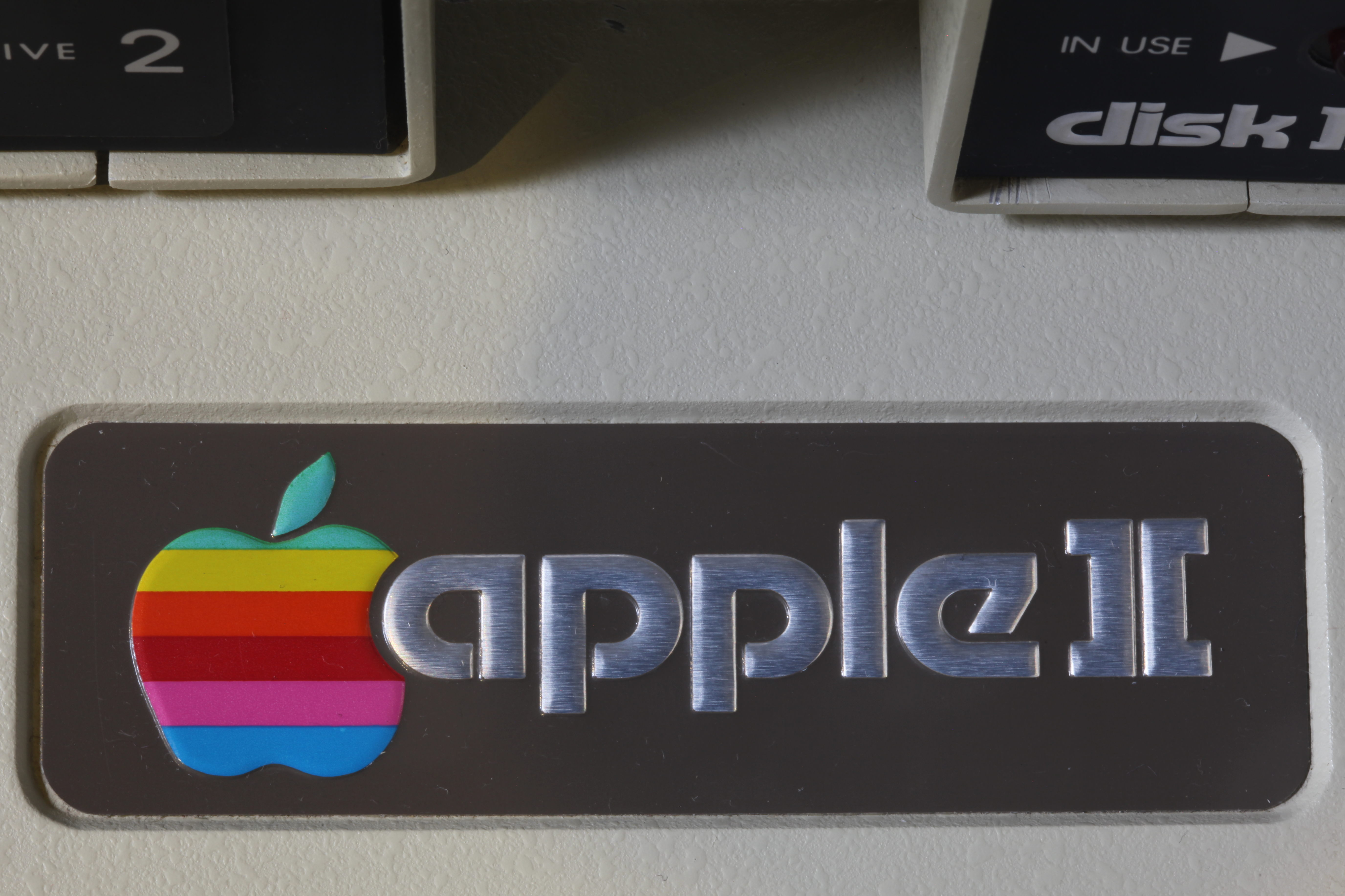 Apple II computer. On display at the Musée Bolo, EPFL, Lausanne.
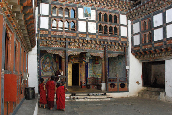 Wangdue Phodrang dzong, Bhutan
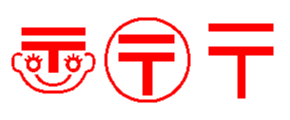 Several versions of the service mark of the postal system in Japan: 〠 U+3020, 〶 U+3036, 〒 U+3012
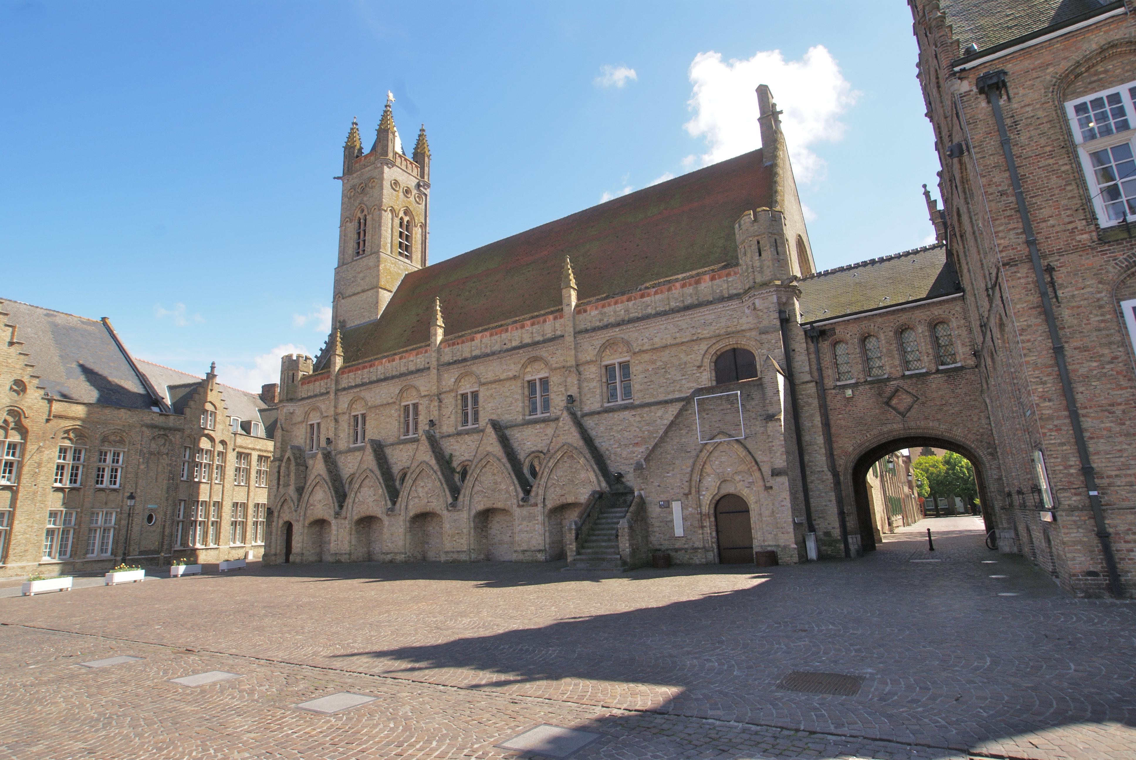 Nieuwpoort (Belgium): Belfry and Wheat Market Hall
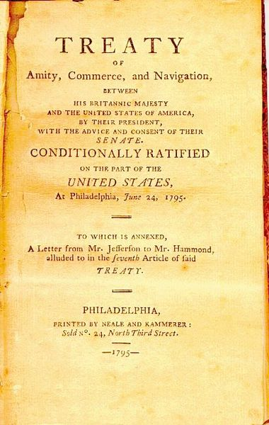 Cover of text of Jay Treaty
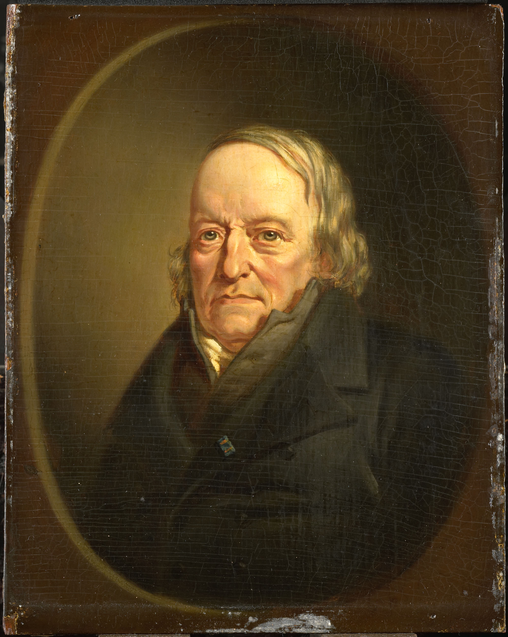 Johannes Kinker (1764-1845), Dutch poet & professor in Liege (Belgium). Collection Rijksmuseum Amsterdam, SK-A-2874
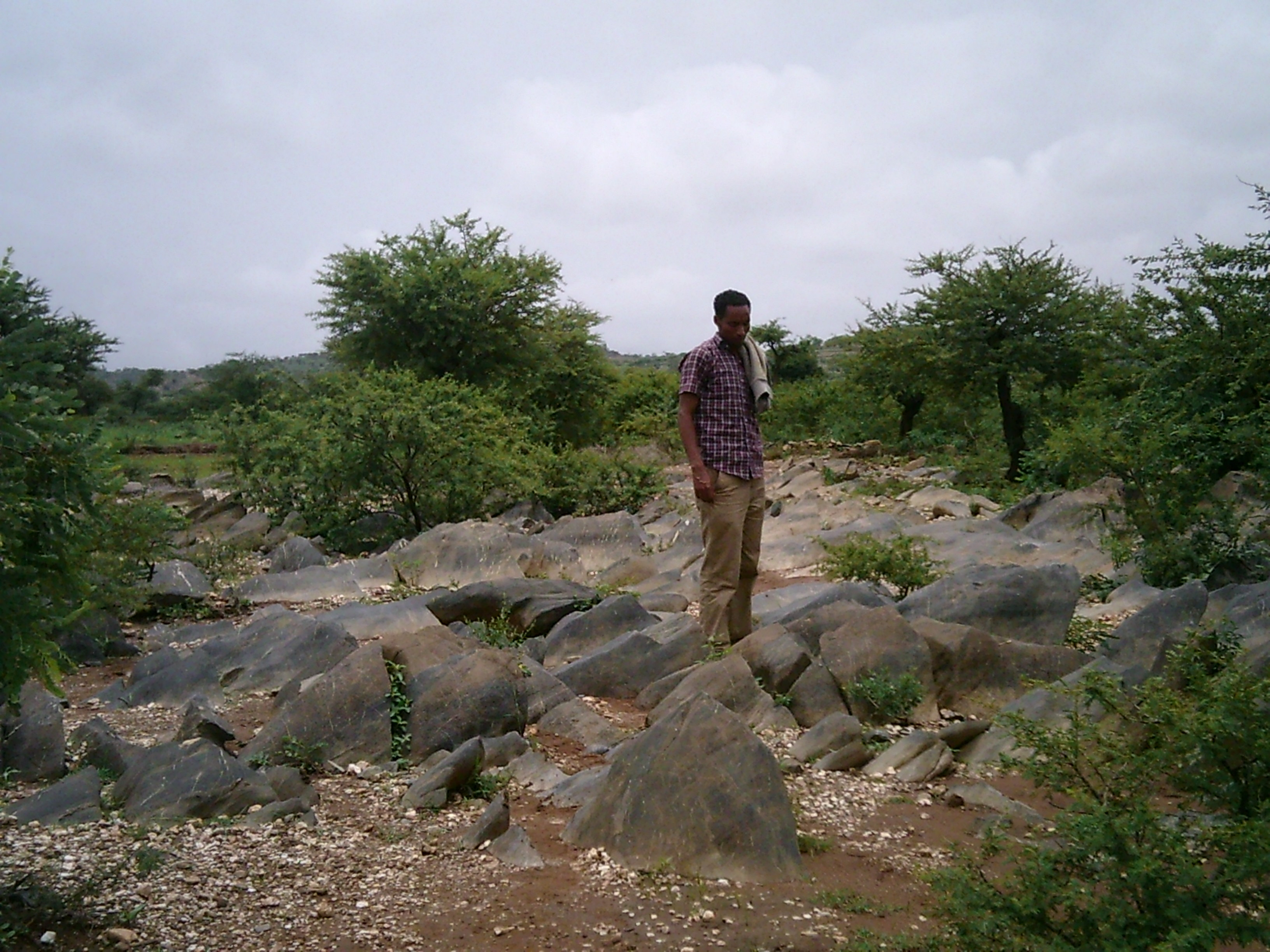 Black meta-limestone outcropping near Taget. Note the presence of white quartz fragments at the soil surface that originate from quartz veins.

# # # # #

An exact retyping of the material, minus the pictures, is the required answer.

RESPONSE TO THIS TASK =
 Apple II computer. On display at the Musée Bolo, EPFL, Lausanne.
 Wangdue Phodrang dzong, Bhutan
 Several versions of the service mark of the postal system in Japan: 〠 U+3020, 〶 U+3036, 〒 U+3012
 Nieuwpoort (Belgium): Belfry and Wheat Market Hall
 Cover of text of Jay Treaty
 Johannes Kinker (1764-1845), Dutch poet & professor in Liege (Belgium). Collection Rijksmuseum Amsterdam, SK-A-2874
 Black meta-limestone outcropping near Taget. Note the presence of white quartz fragments at the soil surface that originate from quartz veins.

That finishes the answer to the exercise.